How the Heart Works

The two upper chambers of your heart are called atria, and the two lower chambers are called ventricles. Blood flows from the body and lungs to the atria and from the atria to the ventricles. The ventricles pump blood out of the heart to the lungs and other parts of the body. An internal wall of tissue divides the right and left sides of your heart. This wall is called the septum.

The heart is made of three layers of tissue.

• Endocardium, the thin inner lining of the heart chambers that also forms the surface of the valves.
• Myocardium, the thick middle layer of muscle that allows your heart chambers to contract and relax to pump blood to your body.
• Pericardium, the sac that surrounds your heart. Made of thin layers of tissue, it holds the heart in place and protects it. A small amount of fluid between the layers helps reduce friction between the beating heart and surrounding tissues.
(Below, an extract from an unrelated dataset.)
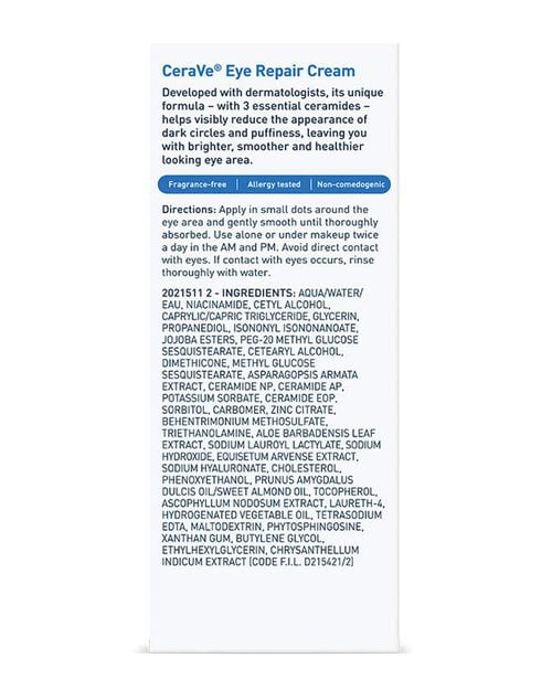کرم دورچشم سراوی یک کرم دورچشم شناخته شده در میان متخصصان پوست سراسر دنیا می باشد. ویژگی ترمیم کنندگی این دورچشم آن را به یکی از بهترین دورچشم های مراقبتی تبدیل کرده است. فرمول این محصول حاوی سه سرامید ضروری برای تجدید حیات سلولی و حفظ سد دفاعی پوست اطراف چشم می باشد. اسید هیالورونیک موجود در این دورچشم باعث آبرسانی عمقی پوست اطراف چشم می شود. حلقه های تیره و پف دورچشم بعد از استفاده از این محصول کاهش محسوسی پیدا خواهند کرد.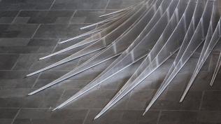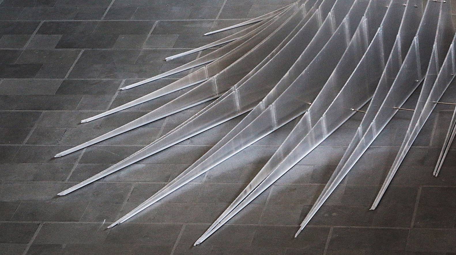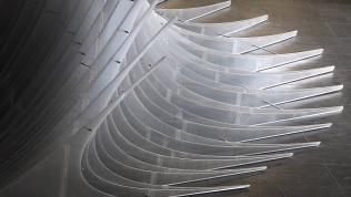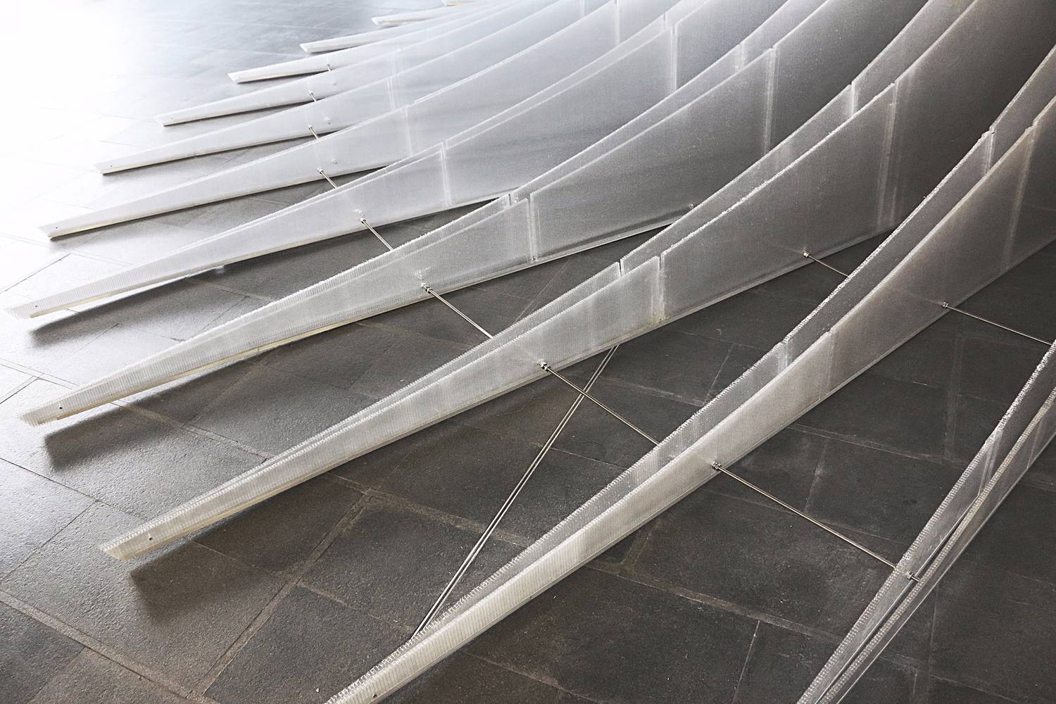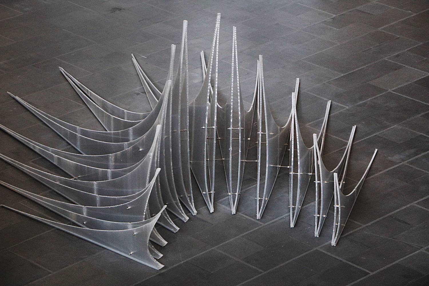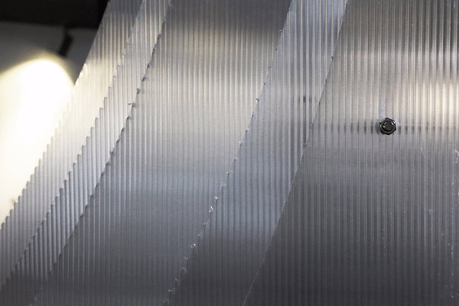 因應(yīng)項(xiàng)目場(chǎng)地大,預(yù)算低,且工期緊張等諸多限制,裝置最終選擇以廉價(jià)的陽(yáng)光板為主要搭建材料。每?jī)蓧K之間使用鐵桿連接組成人字形,因此能獨(dú)立放置于地面而無(wú)需釘子或膠水固定。最后整組拼合成最終形態(tài)。空間裝置使用參數(shù)化方法設(shè)計(jì),每塊板件的形狀都是獨(dú)一無(wú)二的并擁有獨(dú)自的編號(hào),通過(guò)數(shù)控機(jī)床切割而成。同時(shí)考慮到裝置安裝的便利和工人對(duì)圖紙的理解能力,安裝圖紙有別于傳統(tǒng)的施工圖紙,更像是家具拼裝圖。

Some conditions can affect the heart's tissue. Examples include:

• Cardiomyopathy, in which the heart muscle becomes enlarged, thick, or rigid. As cardiomyopathy worsens, the heart becomes weaker and is less able to pump blood through the body and maintain a normal electrical rhythm.
• Heart inflammation, which is inflammation in one or more of the layers of tissue in the heart, including the pericardium, myocardium, or endocardium. This can lead to serious complications, including heart failure, cardiogenic shock, or irregular heart rhythm.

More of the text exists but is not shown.